Tsai Wan-Ju, Qian Tian-Yang, Lu Chun-Mei, Liu Qing, Wang Lai-Shuan
Department of Neonatology, National Children's Medical Center/Children's Hospital of Fudan University, Shanghai, China.
Transl Pediatr. 2021 Feb;10(2):256-264. doi: 10.21037/tp-20-184.
To construct and externally validate a prediction model for neonate unplanned rehospitalization within 31 days of discharge.

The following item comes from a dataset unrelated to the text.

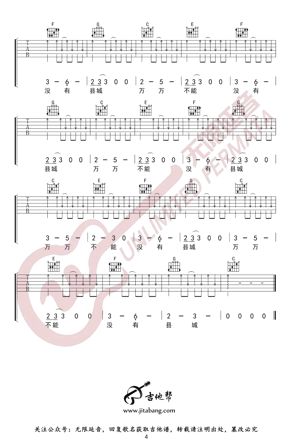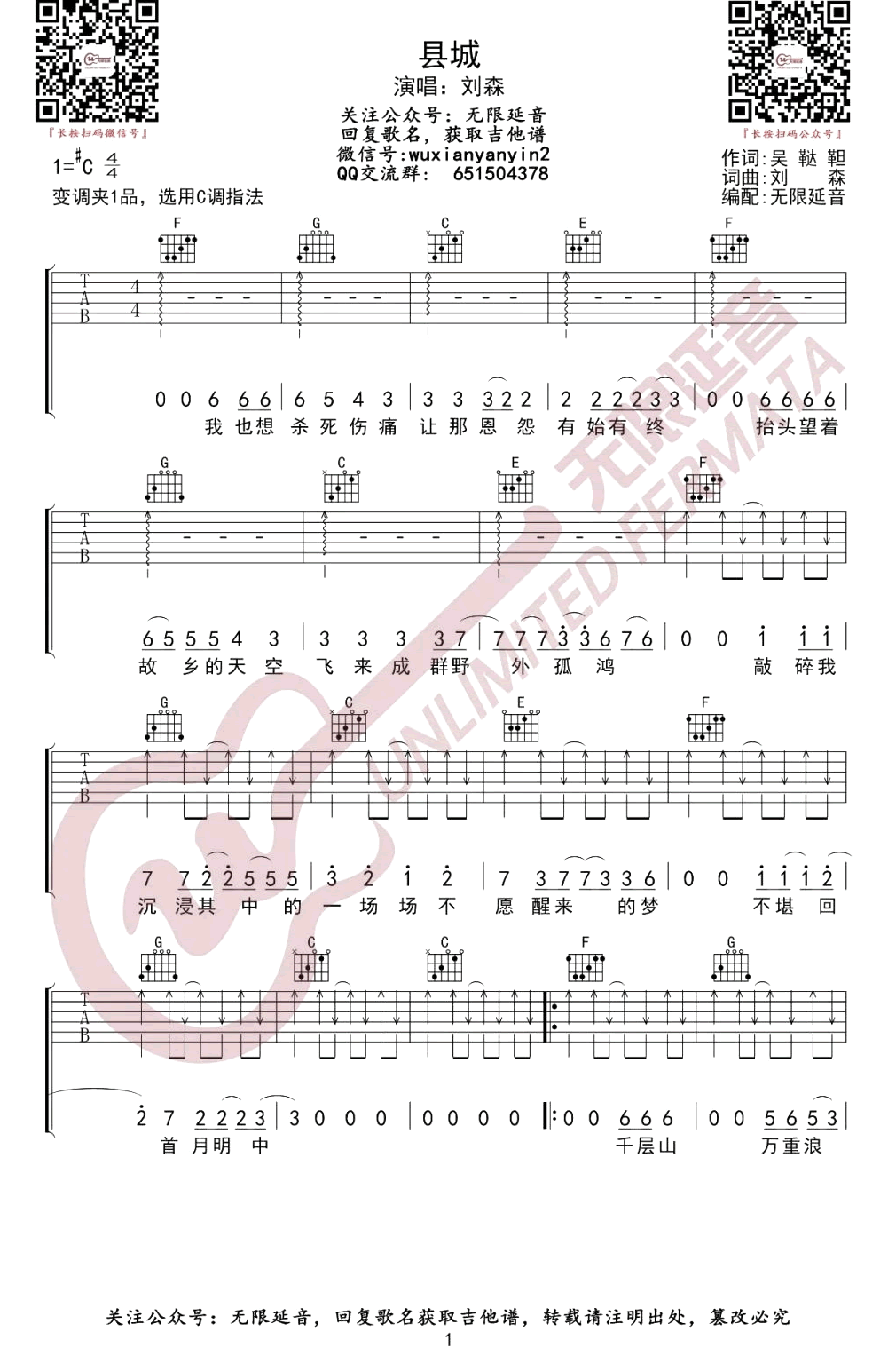 琴谱网为您精心推荐 县城 高清图谱

A retrospective study was performed in the Department of Neonatology of the Children's Hospital of Fudan University. A binominal regression method was applied to construct and validate the prediction model. Analysis was performed on a total of 11,116 neonates with an index admission between 11/1/2016 and 12/31/2018. Neonates admitted from 11/1/2016 to 1/31/2018 were used for the selection of prognostic variables and construction of the model. Model validation was then performed with neonates admitted from 2/1/2018 to 12/31/2018.
The rehospitalization rate for neonates was 3.27% (373/11,116). A total of 512 neonates were enrolled for the construction of the prediction model. Gestational age (GA), NICU length of stay (LOS), nonmedical order discharge and younger maternal age were strongly correlated with rehospitalization. By incorporating these 4 strong risk factors, we constructed a model to predict neonate unplanned rehospitalization within 31 days of discharge. The formula was turned into a nomogram for use in clinical practice. The nomogram has a total score of 180, with a predicted risk from 0 to 100%. Neonates are at high risk for rehospitalization if they have a total score greater than 39 points, according to the cutoff point established by the Youden index. The model was shown to have good discriminatory ability, with area under the receiver operating characteristic curves of 0.68 and 0.65 in the model construction and validation datasets, respectively. A total of 39 points is the cutoff for follow-up.
The model is able to predict neonate unplanned rehospitalization well. A total score greater than 39 indicates that follow-up is necessary.
构建并外部验证一个预测模型,用于预测新生儿出院后31天内的非计划再入院情况。
在复旦大学附属儿科医院新生儿科进行一项回顾性研究。应用二项回归方法构建并验证该预测模型。对2016年11月1日至2018年12月31日期间首次入院的11116例新生儿进行分析。将2016年11月1日至2018年1月31日入院的新生儿用于选择预后变量并构建模型。然后用2018年2月1日至2018年12月31日入院的新生儿进行模型验证。
新生儿再入院率为3.27%(373/11116)。共纳入512例新生儿用于构建预测模型。胎龄(GA)、新生儿重症监护病房住院时间(LOS)、非医嘱出院和母亲年龄较小与再入院密切相关。通过纳入这4个强风险因素,构建了一个预测模型,用于预测新生儿出院后31天内的非计划再入院情况。该公式转化为列线图用于临床实践。列线图总分180分,预测风险为0至100%。根据约登指数确定的截断点,总分大于39分的新生儿再入院风险较高。该模型显示出良好的鉴别能力,在模型构建和验证数据集中,受试者操作特征曲线下面积分别为0.68和0.65。随访的截断值为39分。
该模型能够较好地预测新生儿非计划再入院情况。总分大于39分表明有必要进行随访。